Methods:  Clinical and hemodynamic variables were assessed in 484 consecutive patients presenting with WHO group 1 PAH. The primary outcome measure was time to all-cause mortality over 5 years from the index presentation (data available in all). Follow-up was censored at the time of lung or heart/lung transplant in 21 patients or at 5 years. Predictors of mortality were assessed sequentially using Cox models, with the step-wise incorporation of clinical variables, echocardiographic, and catheterization findings. Results were further compared with the REVEAL (Registry to Evaluate Early and Long-term Pulmonary Arterial Hypertension Disease Management) prediction score.

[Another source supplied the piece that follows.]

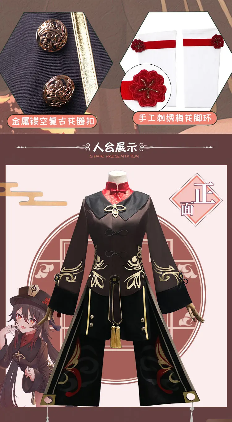 Аниме игра Genshin Impact Hu Tao Униформа платье Великолепная Одежд...

Results:  Overall median survival was 237 weeks (95% CI, 196-266), corresponding to 1-year, 3-year, and 5-year survival rates of 81.1% (77.0, 84.7), 61.1% (56.5, 65.3), and 47.9% (43.2, 52.4), respectively. The prediction of mortality was improved incrementally by incorporating clinical and echocardiographic measures with a concordance index (c-index) of 0.84 compared with that of 0.60 with functional class alone. The REVEAL prediction score was validated independently in this cohort to predict both 1-year and 5-year mortality. It had a prediction c-index of 0.71.

Conclusions:  The integration of routine PAH clinical (predominantly noninvasive) parameters predicts long-term outcome better than functional class and, hence, should be incorporated into medical management decisions.